My old swan 6 mts amp had been setting unused for 10 years along with my 3 drake l4b amps. at 71 I have decided I wanted to put the old tube gear back in use . make a long story short I rebuild the drake supplies new caps ect all work great. ordered the swan pm upgrade kit rebuild the supply hooked up the amp and nothing. THE  amp will not power up. took the supply back to the bench checked all my work could not find anything I have messed up hi hi... hooked back up still will not power up did smell something getting hot put the supply back on the bench found the 200 ohm resistor under the mercury relay was very warm. also there is a can 40mfd at 350volts across it. looks like it has leaked over time big  hunk   of white junk around the lead. going to get a new cap and replace it and the resistor next. my question is ? I think this pulls the mercury relay in. ?? does this relay have a delay because it is mercury or are the contacts just mercury wetted ? could this relay have gone bad setting ? if so is there a replacement  upgrade ?. thanks for any help
73 Tony WA4JQS

Tony, My investigation into you question turned up some interesting information.  First off, let me tell you what I know after I looked into this for you.  Just by looking at the schematic we see that K2 is a "contactor relay" or just plain "contactor".   It is used in contactor fashion because s you can see in the schematic it controls the line voltage and current that turns the power supply on.  It actually has a demanding job in that it has to carry the full current  the power supply draws from the line.  On 120v it could be quite substantial but half that one 240v.

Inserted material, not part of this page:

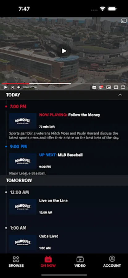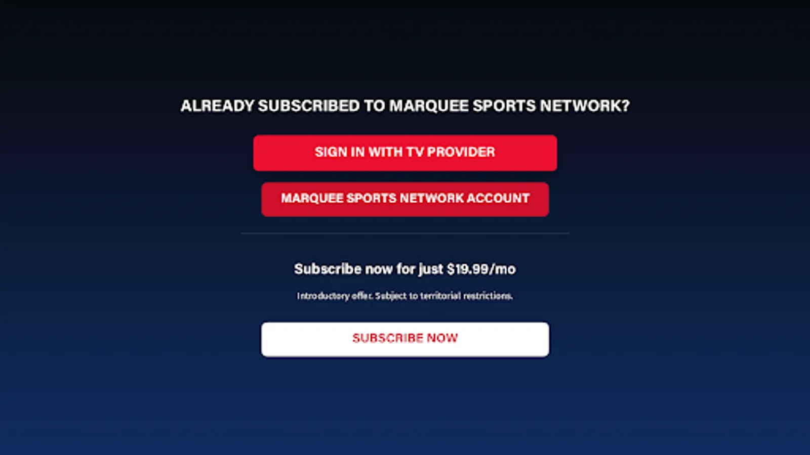 The new Marquee Sports Network App features a direct-to-consumer subscription offering allowing in-market users to subscribe directly to Marquee Sports Network, as well as the ability to log-in with their existing cable or streaming provider.

That said, investigation I did turned up two different types of K2.  I am assuming the early version of K2 was a typical open frame high power relay contactor with a value of 120v AC.  (117v in those days).  It was indeed a full AC relay.  If you had your power supply set for 120vac, you would put a jumper across  the 1.5K 20 watt resistor.   If you set up for 240v you would remove the jumper across the 1.5K 20 watt resistor and it would "chew up" the other 120vac that the relay did not need and still see it's 120vac it wanted to see.  I can assure you that the 1.5K resistor would get quite warm.  Moving on,

At some point in time probably the second version if the Mark II (there were 2 distinct versions of the Mark II) but that is another story.  Anyhow, Swan made a change to K2.  The difference  was that K2 was changed to a "Mercury wetted" type relay contactor.  I won't go into the explanation of what that is, but suffice to say it was an intended upgrade to K2.  I have worked on quite a few Mark II amps but I never had to deal with K2.  Most of what I had to do was to rebuild the power supply or do work on the RF deck or in most cases, convert them to 6 meters.  I actually own a Mark II at the moment but it is in storage. 

So like I say, K2 was later changed and the schematic shows a change in circuitry as well.  As you pointed out there is an electrolytic capacitor, a 200 ohm 5w resistor and a diode that shows up in the revised schematic.  The 1.5K ohm  20 w resistor is still shown in the later schematic as well, and you still have to change a jumper if you switch line voltage.  So what does this all mean?  Well I do not know for sure what the value of the new mercury relay is but looking at the schematic I can try to take an educated guess as to what it is.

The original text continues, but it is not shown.